Сыч аж в лице переменился. И словно отказываясь верить собственным ушам, переспросил:

– Евгений Михайлович?

– Да!

– Ну и что?

Я с удовольствием все пересказал. Прошло какое-то время. Возвращаюсь к Константину Ивановичу уточнить рабочие детали. А там картина, достойная, как говорится, кисти Айвазовского.

– Но не «Девятый вал», наверное?

– Разумеется! Сидит, по-прежнему вальяжно расположившись в кресле, Бесков. А напротив Лобановский, Ахалкаци и Сыч собственной персоной. И ведут интеллигентный разговор. Я тогда еще подумал: оказывается, не так много надо, чтобы все вдруг поменялось…

После игры против сборной Шотландии предстоял переезд в Барселону. Но поскольку в запасе имели два дня, то задержались в Малаге. День посвятили тренировке, которую проводил Лобановский. А другой сделали выходным. Тем более что в «Аталайя парк-отеле», где мы жили, имелся великолепный бассейн. Да и отношение со стороны персонала гостиницы, хозяевами которой были немец и испанец, поражало душевностью. Достаточно сказать, что, когда мы уезжали, они чуть ли не все высыпали провожать, некоторые даже со слезами на глазах – так они болели за советскую сборную.

А в день отдыха мы большую часть времени провели в бассейне, где обстановка располагала к иному настроению. Когда я туда пришел, чтобы посмотреть, что делают ребята, то застал живописную картину. В бассейне плескались многочисленные постояльцы отеля (в основном туристы из Германии). Загорали дамы топлес. Неподалеку дельфинами ныряли наши товарищи. И всем своим видом показывали, что ко всему, в том числе топлес, относятся нормально.

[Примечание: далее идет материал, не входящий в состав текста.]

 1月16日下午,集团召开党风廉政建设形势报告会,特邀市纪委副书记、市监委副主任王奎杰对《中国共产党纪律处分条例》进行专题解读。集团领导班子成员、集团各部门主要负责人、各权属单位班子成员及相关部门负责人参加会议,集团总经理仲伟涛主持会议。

Нормально к этому, судя по всему, относился и Константин Иванович. Он сидел в шезлонге несколько в стороне, покуривал сигару – и вообще выглядел прекрасно. Настроение у него было великолепное. Что убедительно свидетельствовало, каким судьбоносным, решающим для нас в ту пору являлось мнение ЦК КПСС. Однако после перебазирования в Барселону настроение стало портиться. Команду Бельгии мы обыграли с большим трудом – 1:0.

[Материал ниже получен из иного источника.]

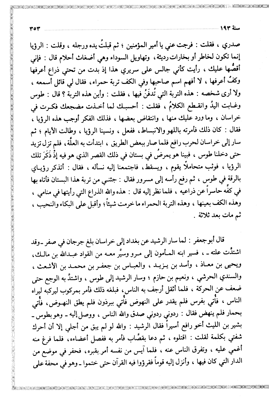 صدري فقلت فرجت عني يا أمير المؤمنين ثم قبلت يده ورجله وقلت الرؤيا إنما تكون لخاطر أو بخارات رديئة وتهاويل السوداء وهي أضغاث أحلام قال فإني أقصها عليك رأيت كأني جالس على سريري هذا إذ بدت من تحتي ذراع أعرفها وكف أعرفها لا افهم اسم صاحبها وفي الكف تربة حمراء فقال لي قائل أسمعه ولا أرى شخصه هذه التربة التي تدفن فيها فقلت وأين هذه التربة قال طوس وغابت اليد وانقطع الكلام فقلت أحسبك لما أخذت مضجعك فكرت في خراسان وما ورد عليك منها وانتقاض بعضها فذلك الفكر أوجب هذه الرؤيا فقال كان ذلك فأمرته باللهو والانبساط ففعل ونسينا الرؤيا وكالت الأيام ثم سار إلى خراسان لحرب رافع فما صار ببعض الطريق ابتدأت به العلة فلم تزل تزيد حتى دخلنا طوس فبينا هو يمرض في بستان في ذلك القصر الذي هو فيه إذ ذكر تلك الرؤيا فوثب متحاملا يقوم ويسقط فاجتمعنا إليه نسأله فقال أتذكر رؤياي بالرقة في طوس ثم رفع رأسه إلى مسرور فقال جئني من تربة هذا البستان فأتاه بها في كفه حاسرا عن ذراعيه فلما نظر إليه قال هذه والله الذراع التي رأيتها في منامي وهذه الكف بعينها وهذه التربة الحمراء ما خرمت شيئا وأقبل على البكاء والنحيب ثم مات بعد ثلاثة

БЕЛЬГИЯ – СССР – 0:1 (0:0). 1 июля 1982 г. Матч 2-го этапа XII чемпионата мира.

Стадион «Ноу Камп». 45 000 зрителей.

СССР: Дасаев, Боровский, Чивадзе (к), Демьяненко, Балтача, Баль (Дараселия, 87), Шенгелия (Родионов, 90), Бессонов, Гаврилов, Оганесян, Блохин.

Гол: Оганесян (48).

Впереди маячил еще более сложный и, по существу, решающий матч со сборной Польши. О том, что игра не обещает быть легкой, говорил один лишь внешний вид соперников. Те же бельгийцы, с которыми наши, чтобы победить, изрядно повозились, вышли на поле загорелыми, славно отдохнувшими и, похоже, этим несколько расслабленные. Поляки же явились на матч белые, как сметана. То есть не нежились на солнышке, а в поте лица готовились дать бой. Утром я, как обычно, зашел к Константину Ивановичу уточнить распорядок. И… не узнал его. Совсем не тот человек передо мною предстал. Я привык видеть Бескова твердым, уверенным, знающим, что надо делать. А тут – встревоженный, сомневающийся главный тренер.

– Знаешь, – сказал он, перехватив мой недоумевающий взгляд, – вчера у нас вышла дискуссия по составу. Я возражал против включения в стартовый состав Шенгелия и ряда других игроков. Но тренеры настояли на своем…

Их в сборной было тогда четверо. Кроме упомянутых, Бескову помогали Федотов и Логафет. Но по тому, как Константин Иванович говорил, стало понятно, что он имел в виду Лобановского и Ахалкаци.

– Вы хотите сказать, что в решающий момент судьбу команды взяли в свои руки те, кому в триумвирате принадлежало большинство?

– О трио можно уже было не вспоминать. Во всяком случае, в том матче игрой руководил Валерий Васильевич. Он, по-моему, давал установку.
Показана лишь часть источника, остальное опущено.